Exercise requirements ▸
Every entry below must be transcribed word for word, and the images must be left out.

[Items from a dataset]
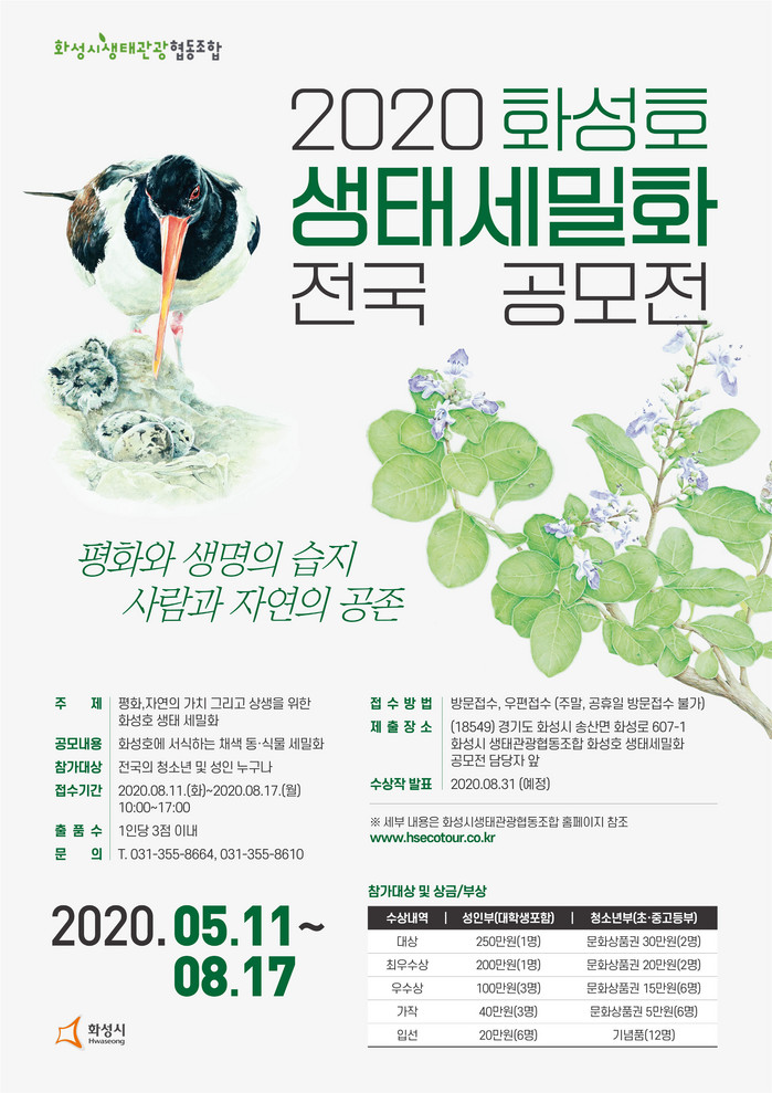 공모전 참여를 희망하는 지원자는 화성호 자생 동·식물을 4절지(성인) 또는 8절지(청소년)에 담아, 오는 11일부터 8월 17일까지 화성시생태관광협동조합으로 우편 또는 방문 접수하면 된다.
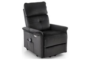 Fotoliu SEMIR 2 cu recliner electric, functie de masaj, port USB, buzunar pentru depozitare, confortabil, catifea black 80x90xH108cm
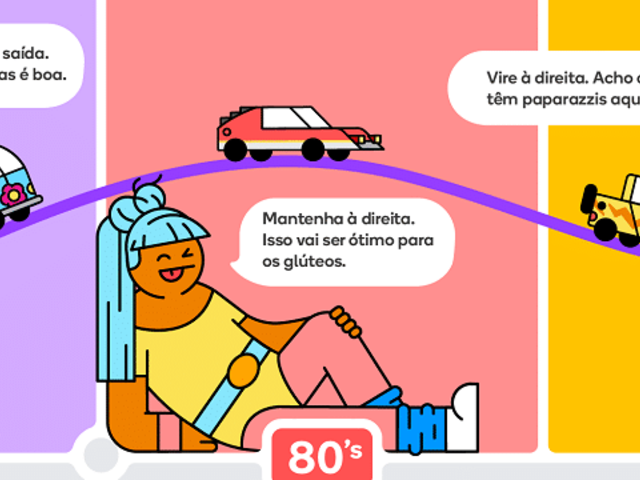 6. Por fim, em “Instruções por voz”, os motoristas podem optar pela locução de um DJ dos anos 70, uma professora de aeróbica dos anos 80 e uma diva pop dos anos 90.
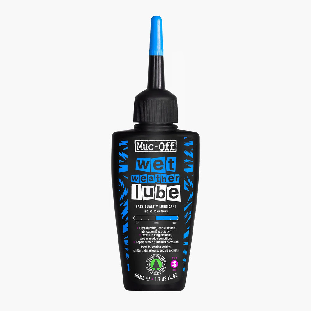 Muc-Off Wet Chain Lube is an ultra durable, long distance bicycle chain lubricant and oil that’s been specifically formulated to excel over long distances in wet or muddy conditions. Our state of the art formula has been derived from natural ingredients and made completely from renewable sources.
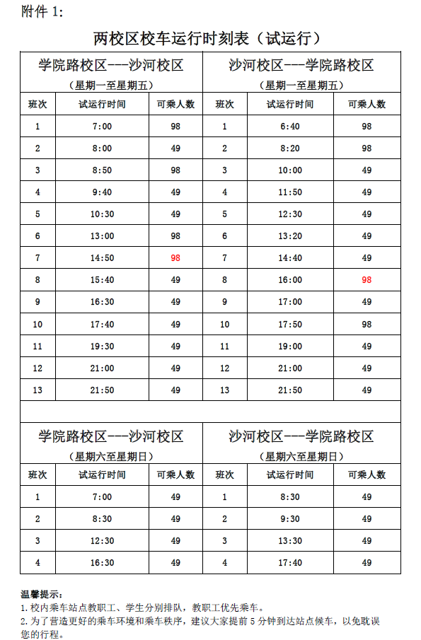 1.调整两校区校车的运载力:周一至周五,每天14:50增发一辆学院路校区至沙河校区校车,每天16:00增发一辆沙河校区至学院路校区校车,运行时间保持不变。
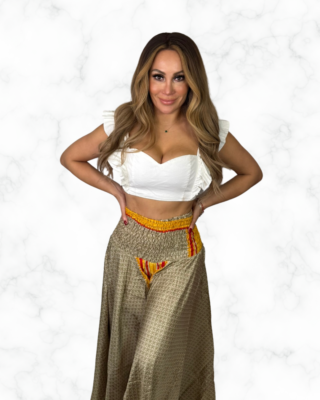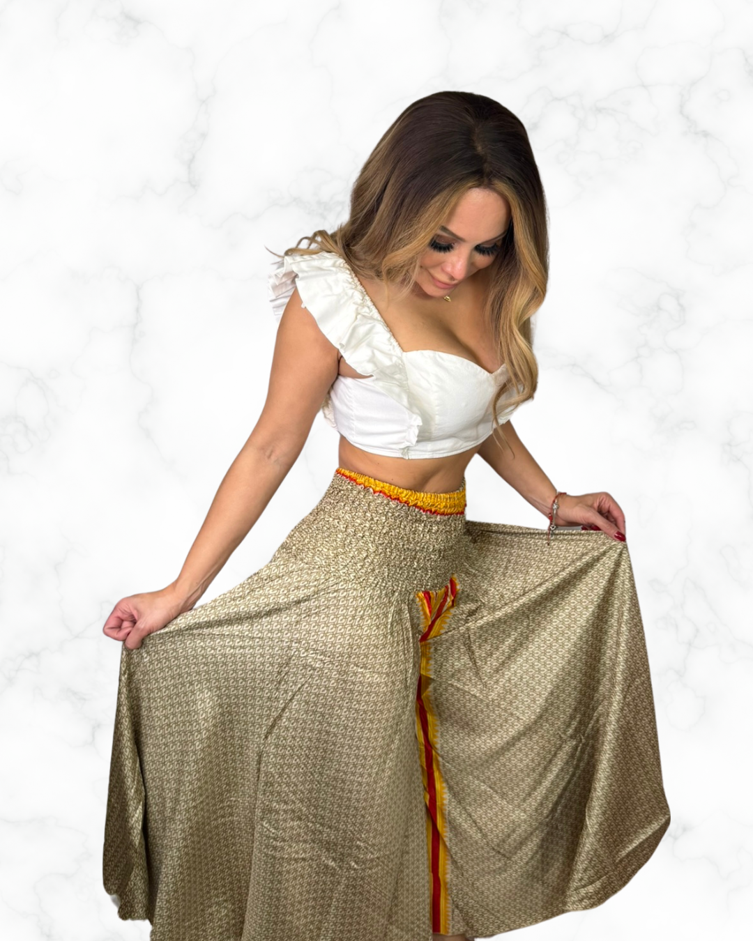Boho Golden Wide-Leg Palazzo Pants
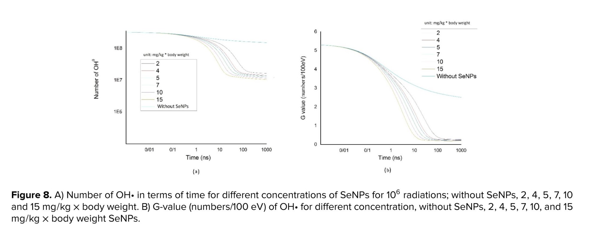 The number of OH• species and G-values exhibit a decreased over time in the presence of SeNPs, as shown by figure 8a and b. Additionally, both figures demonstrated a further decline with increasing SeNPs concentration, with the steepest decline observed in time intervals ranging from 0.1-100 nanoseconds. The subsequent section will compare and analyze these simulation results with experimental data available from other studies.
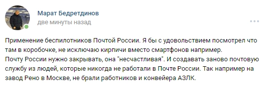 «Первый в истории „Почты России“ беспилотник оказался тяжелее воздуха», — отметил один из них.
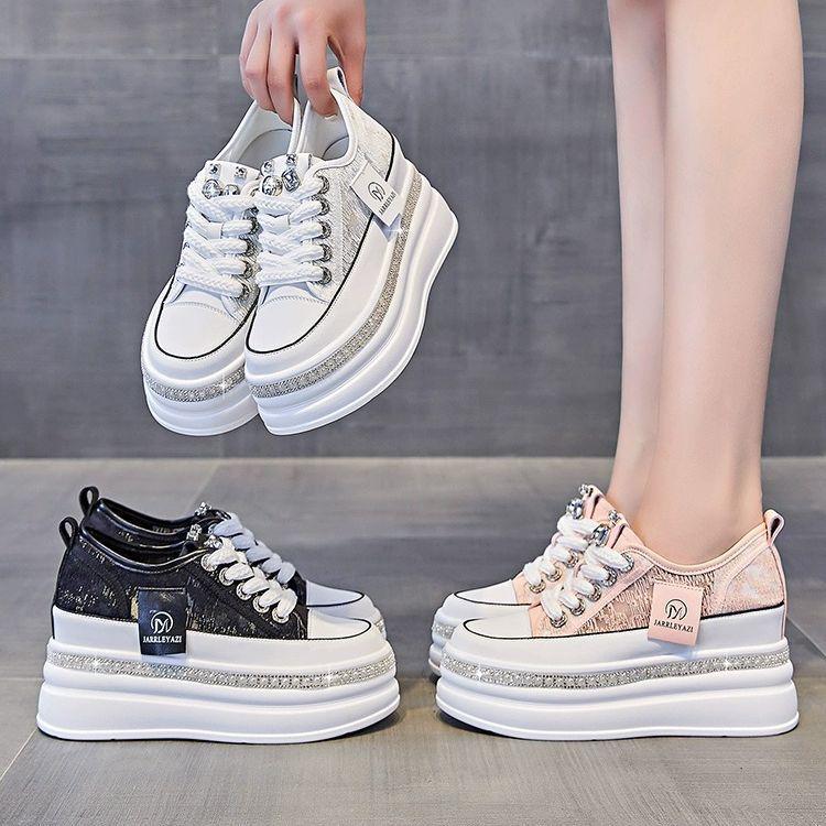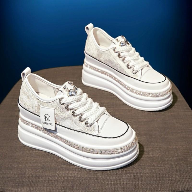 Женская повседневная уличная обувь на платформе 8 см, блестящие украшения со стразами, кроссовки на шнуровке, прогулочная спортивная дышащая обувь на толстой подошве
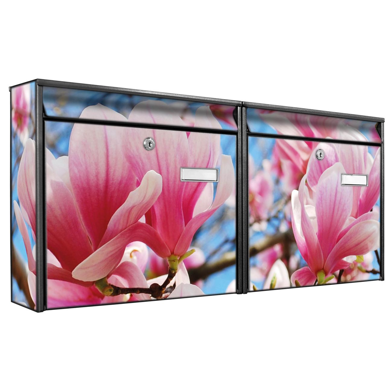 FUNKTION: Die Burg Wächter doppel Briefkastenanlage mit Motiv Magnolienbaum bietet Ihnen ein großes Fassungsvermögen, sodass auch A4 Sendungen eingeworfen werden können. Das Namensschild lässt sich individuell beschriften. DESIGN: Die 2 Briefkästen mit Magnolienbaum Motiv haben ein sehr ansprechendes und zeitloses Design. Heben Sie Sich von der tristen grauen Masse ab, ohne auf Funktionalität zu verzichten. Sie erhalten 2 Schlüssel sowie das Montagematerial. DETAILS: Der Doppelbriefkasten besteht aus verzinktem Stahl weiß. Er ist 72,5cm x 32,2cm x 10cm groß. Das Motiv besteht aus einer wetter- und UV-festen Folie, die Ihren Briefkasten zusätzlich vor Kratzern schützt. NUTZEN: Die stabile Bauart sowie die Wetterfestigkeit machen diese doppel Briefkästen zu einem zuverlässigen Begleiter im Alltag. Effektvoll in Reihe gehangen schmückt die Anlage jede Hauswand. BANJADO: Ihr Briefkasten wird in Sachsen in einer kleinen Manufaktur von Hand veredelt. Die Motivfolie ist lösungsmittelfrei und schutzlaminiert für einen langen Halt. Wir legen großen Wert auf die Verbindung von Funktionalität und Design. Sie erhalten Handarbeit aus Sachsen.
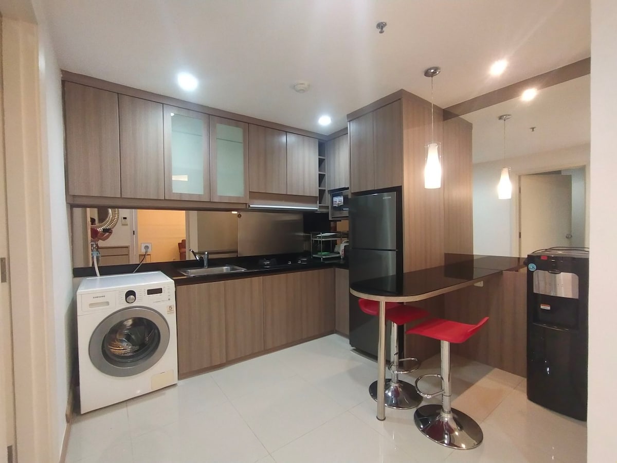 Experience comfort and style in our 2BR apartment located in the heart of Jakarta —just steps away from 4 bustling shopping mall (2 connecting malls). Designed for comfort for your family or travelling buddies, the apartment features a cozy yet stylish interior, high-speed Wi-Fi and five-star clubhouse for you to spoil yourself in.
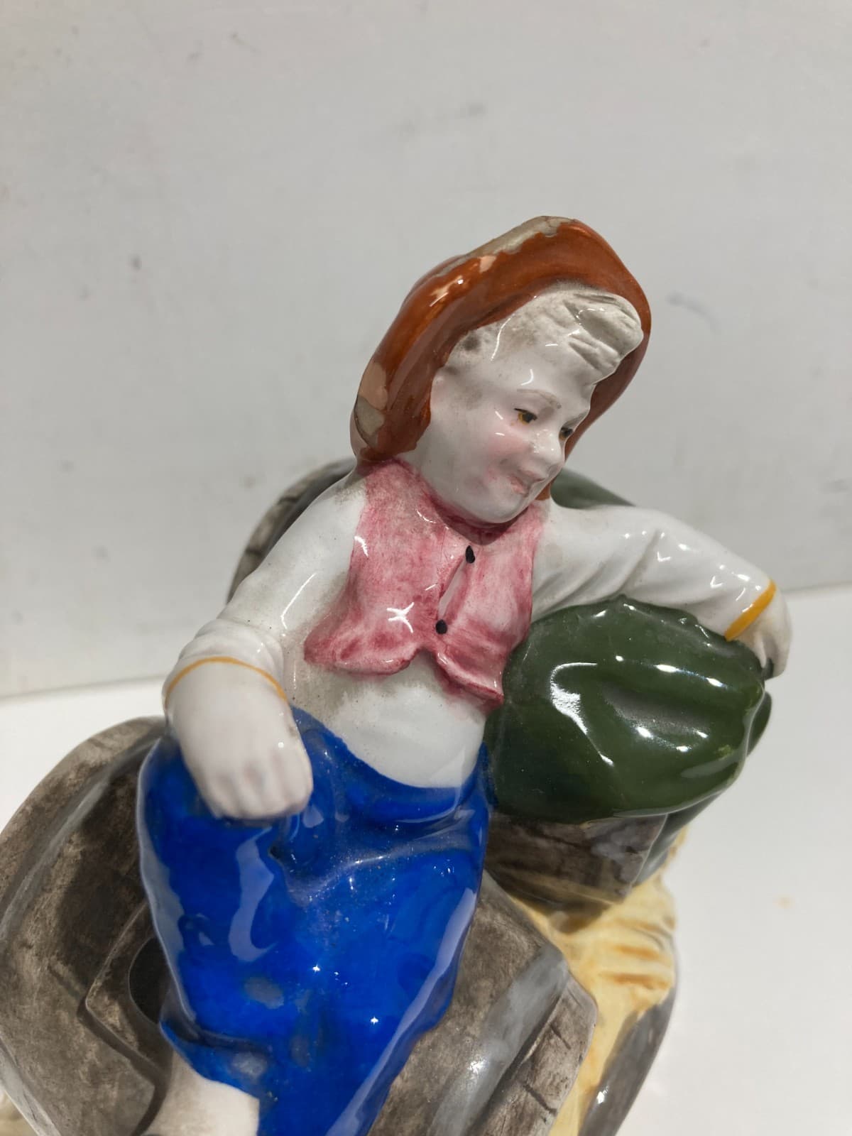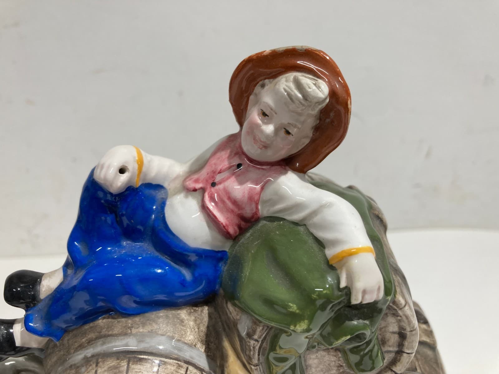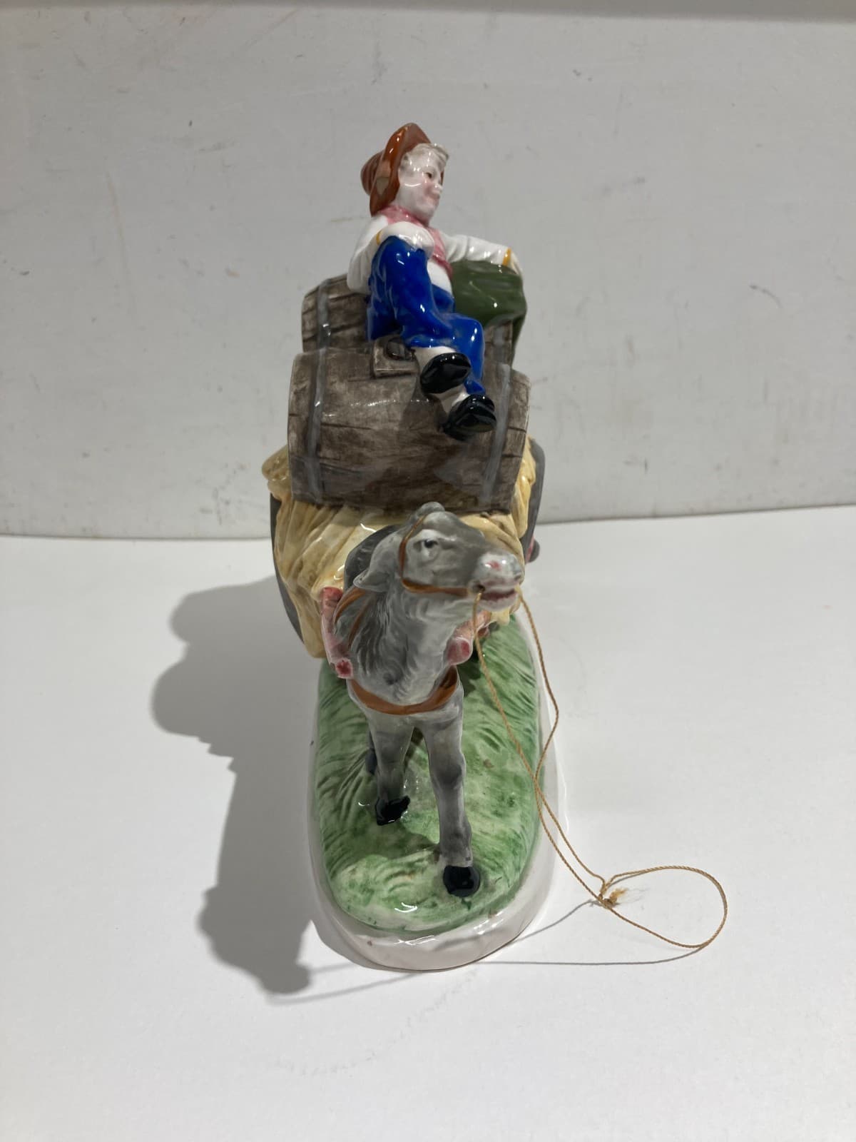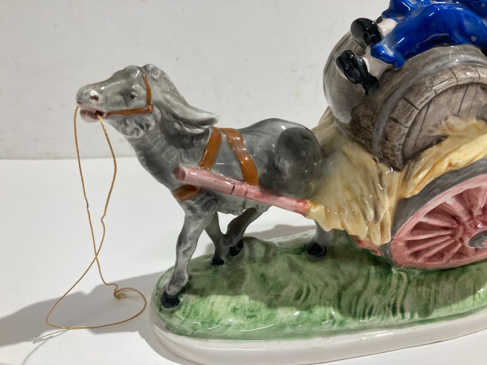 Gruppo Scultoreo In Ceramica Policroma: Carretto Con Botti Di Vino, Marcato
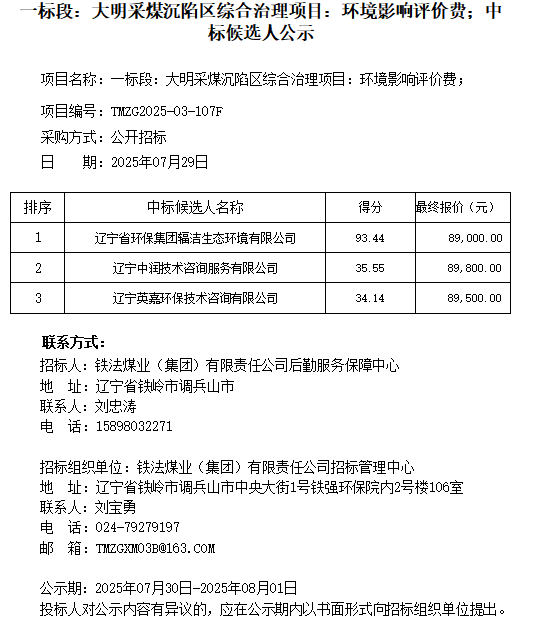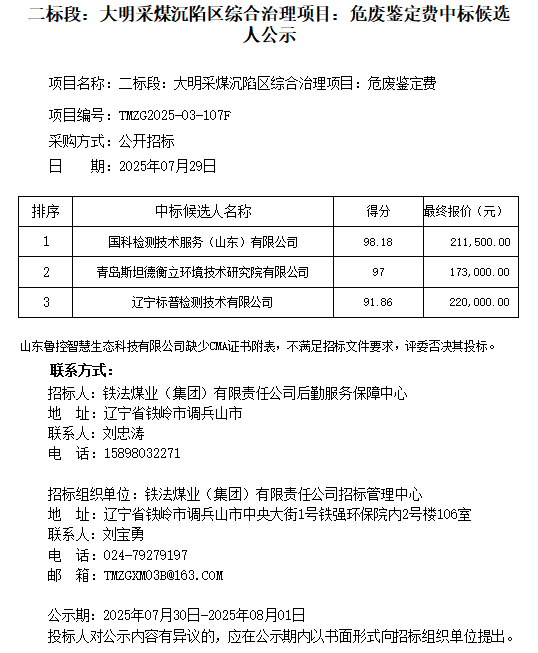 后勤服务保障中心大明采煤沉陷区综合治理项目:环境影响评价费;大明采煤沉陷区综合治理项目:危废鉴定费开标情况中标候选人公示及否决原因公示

Written solution ▸
 공모전 참여를 희망하는 지원자는 화성호 자생 동·식물을 4절지(성인) 또는 8절지(청소년)에 담아, 오는 11일부터 8월 17일까지 화성시생태관광협동조합으로 우편 또는 방문 접수하면 된다.
 Fotoliu SEMIR 2 cu recliner electric, functie de masaj, port USB, buzunar pentru depozitare, confortabil, catifea black 80x90xH108cm
 6. Por fim, em “Instruções por voz”, os motoristas podem optar pela locução de um DJ dos anos 70, uma professora de aeróbica dos anos 80 e uma diva pop dos anos 90.
 Muc-Off Wet Chain Lube is an ultra durable, long distance bicycle chain lubricant and oil that’s been specifically formulated to excel over long distances in wet or muddy conditions. Our state of the art formula has been derived from natural ingredients and made completely from renewable sources.
 1.调整两校区校车的运载力:周一至周五,每天14:50增发一辆学院路校区至沙河校区校车,每天16:00增发一辆沙河校区至学院路校区校车,运行时间保持不变。
Boho Golden Wide-Leg Palazzo Pants
 The number of OH• species and G-values exhibit a decreased over time in the presence of SeNPs, as shown by figure 8a and b. Additionally, both figures demonstrated a further decline with increasing SeNPs concentration, with the steepest decline observed in time intervals ranging from 0.1-100 nanoseconds. The subsequent section will compare and analyze these simulation results with experimental data available from other studies.
 «Первый в истории „Почты России“ беспилотник оказался тяжелее воздуха», — отметил один из них.
 Женская повседневная уличная обувь на платформе 8 см, блестящие украшения со стразами, кроссовки на шнуровке, прогулочная спортивная дышащая обувь на толстой подошве
 FUNKTION: Die Burg Wächter doppel Briefkastenanlage mit Motiv Magnolienbaum bietet Ihnen ein großes Fassungsvermögen, sodass auch A4 Sendungen eingeworfen werden können. Das Namensschild lässt sich individuell beschriften. DESIGN: Die 2 Briefkästen mit Magnolienbaum Motiv haben ein sehr ansprechendes und zeitloses Design. Heben Sie Sich von der tristen grauen Masse ab, ohne auf Funktionalität zu verzichten. Sie erhalten 2 Schlüssel sowie das Montagematerial. DETAILS: Der Doppelbriefkasten besteht aus verzinktem Stahl weiß. Er ist 72,5cm x 32,2cm x 10cm groß. Das Motiv besteht aus einer wetter- und UV-festen Folie, die Ihren Briefkasten zusätzlich vor Kratzern schützt. NUTZEN: Die stabile Bauart sowie die Wetterfestigkeit machen diese doppel Briefkästen zu einem zuverlässigen Begleiter im Alltag. Effektvoll in Reihe gehangen schmückt die Anlage jede Hauswand. BANJADO: Ihr Briefkasten wird in Sachsen in einer kleinen Manufaktur von Hand veredelt. Die Motivfolie ist lösungsmittelfrei und schutzlaminiert für einen langen Halt. Wir legen großen Wert auf die Verbindung von Funktionalität und Design. Sie erhalten Handarbeit aus Sachsen.
 Experience comfort and style in our 2BR apartment located in the heart of Jakarta —just steps away from 4 bustling shopping mall (2 connecting malls). Designed for comfort for your family or travelling buddies, the apartment features a cozy yet stylish interior, high-speed Wi-Fi and five-star clubhouse for you to spoil yourself in.
 Gruppo Scultoreo In Ceramica Policroma: Carretto Con Botti Di Vino, Marcato
 后勤服务保障中心大明采煤沉陷区综合治理项目:环境影响评价费;大明采煤沉陷区综合治理项目:危废鉴定费开标情况中标候选人公示及否决原因公示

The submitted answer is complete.